Towards efficient reinforcement learning

Speaker: Dongruo Zhou
         UCLA

Title:  "Towards efficient reinforcement learning"

Date:   Thursday, 8 December 2022

Time:   10:00am - 11:00am

Zoom Link:
https://hkust.zoom.us/j/465698645?pwd=aVRaNWs2RHNFcXpnWGlkR05wTTk3UT09

Meeting ID: 465-698-645
Passcode: 20222023

Abstract:

Reinforcement learning (RL) has achieved great empirical success in
multiple real-world problems last few years. However, many RL algorithms
are also considered inefficient due to their data-hungry and
computationally expensive nature. In this talk, I will give a selective
overview of my recent research, which aims to make RL efficient from its
two elemental aspects: exploration and exploitation.

In the first part of the talk, I will focus on efficient exploration
methods for RL. I will introduce a series of neural network-based
exploration strategies for the contextual bandit problem, which is the
basic setting for many popular RL algorithms. My work suggests the
proposed exploration strategy makes RL with neural networks both
theoretically sound and empirically promising.

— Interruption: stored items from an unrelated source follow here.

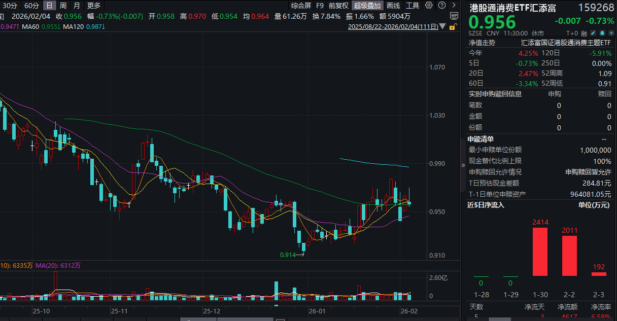 风险提示:基金有风险,投资需谨慎。投资人应当阅读《基金合同》《招募说明书》《产品资料概要》等法律文件,了解基金的风险收益特征,特别是特有风险,并根据自身投资目的、投资经验、资产状况等判断是否和自身风险承受能力相适应。基金管理人承诺以诚实信用、谨慎尽责的原则管理和运用基金资产,但不保证基金一定盈利或本金不受损失。上述产品均属于中等风险等级(R3)产品,适合经客户风险等级测评后结果为平衡型(C3)及以上的投资者。文中提及个股仅为指数成份股客观展示列举,本文出现信息只作为参考,投资人须对任何自主决定的投资行为负责。本文中的任何观点、分析及预测不构成对阅读者任何形式的投资建议。港股通消费ETF汇添富(159268)的基金投资范围包括港股,会面临因投资环境、投资标的、市场制度以及交易规则等差异带来的特有风险。投资者在申购/赎回ETF基金份额时,申购赎回代理券商可按照不超过0.50%的标准收取佣金,其中包含证券交易所、登记机构等收取的相关费用。其他基金的销售费用请参见相应基金的招募说明书、产品资料概要等法律文件。投资者在申购/赎回ETF基金份额时,申购赎回代理券商可按照不超过0.50%的标准收取佣金,其中包含证券交易所、登记机构等收取的相关费用。其他基金的销售费用请参见相应基金的招募说明书、产品资料概要等法律文件。
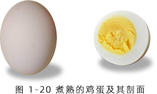 2.如图 1-20,我们将煮熟的鸡蛋一切两半,便会呈现蛋壳、蛋白、蛋黄三个圈层。结合所学知识和生活常识,比较煮熟的鸡蛋与地球内部圈层的异同。
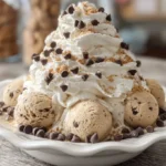 Imagine scooping into a bowl filled with creamy vanilla ice cream, topped with chunks of cookie dough, a swirl of whipped cream, and sprinkled with mini chocolate chips. It’s a dreamy indulgence that feels both nostalgic and luxurious.
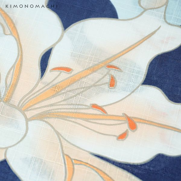 京都きもの町オリジナル浴衣単品「ブルー 百合」S、フリー、TL、LL 綿浴衣 お仕立て上がり浴衣 レディース 女性浴衣
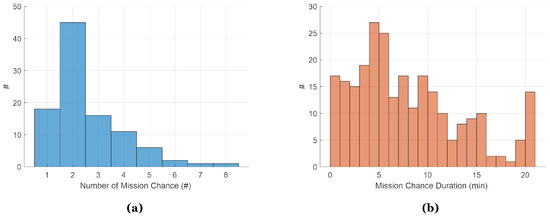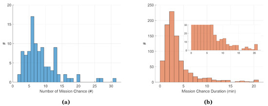 The DADC was simulated with 100 samples over a period of two months to assess the number and duration of mission successes (Figure 11). The total number of mission chances must be at least one to complete the mission scenario. As a consequence of the simulation, all the cases had at least two mission opportunities, with the majority having six. When the mission chance has a maximum value of 31, the control performance is outstanding, even when the error is considered, resulting in an extensive period of satisfying the condition (1) given in Table 7. Owing to condition (2) in Table 7, the mission chance appears discontinuously and regularly over several orbital periods during this time. The duration of the mission chance is determined by the relative orbit phase angle, which affects the amount of time before sunrise, and the drift rate, which is the amount of time it takes for the along-track position to change by 10 m and shows an average performance of 3.69 min.

In the second part of the talk, I will talk about RL with efficient
exploitation. I will introduce a weighted linear regression scheme whose
weights are variance-dependent. My work shows that the proposed scheme can
accelerate the model learning process of RL over existing samples, and can
boost the performance of many existing RL algorithms. For example, when
the state and action spaces are large, the weighted linear regression
scheme gives us the first computationally efficient RL algorithm whose
sample complexity to find the optimal policy is nearly independent of the
planning horizon and near-optimal, which resolves a fundamental
theoretical gap in RL theory.


******************
Biography:

Dongruo Zhou is a final-year PhD student in the Department of Computer
Science at UCLA, advised by Prof. Quanquan Gu. His research is broadly on
the foundation of machine learning, with a particular focus on
reinforcement learning and stochastic optimization. He aims to provide a
theoretical understanding of machine learning methods, as well as to
develop new machine learning algorithms with better performance. He is a
recipient of the UCLA dissertation year fellowship.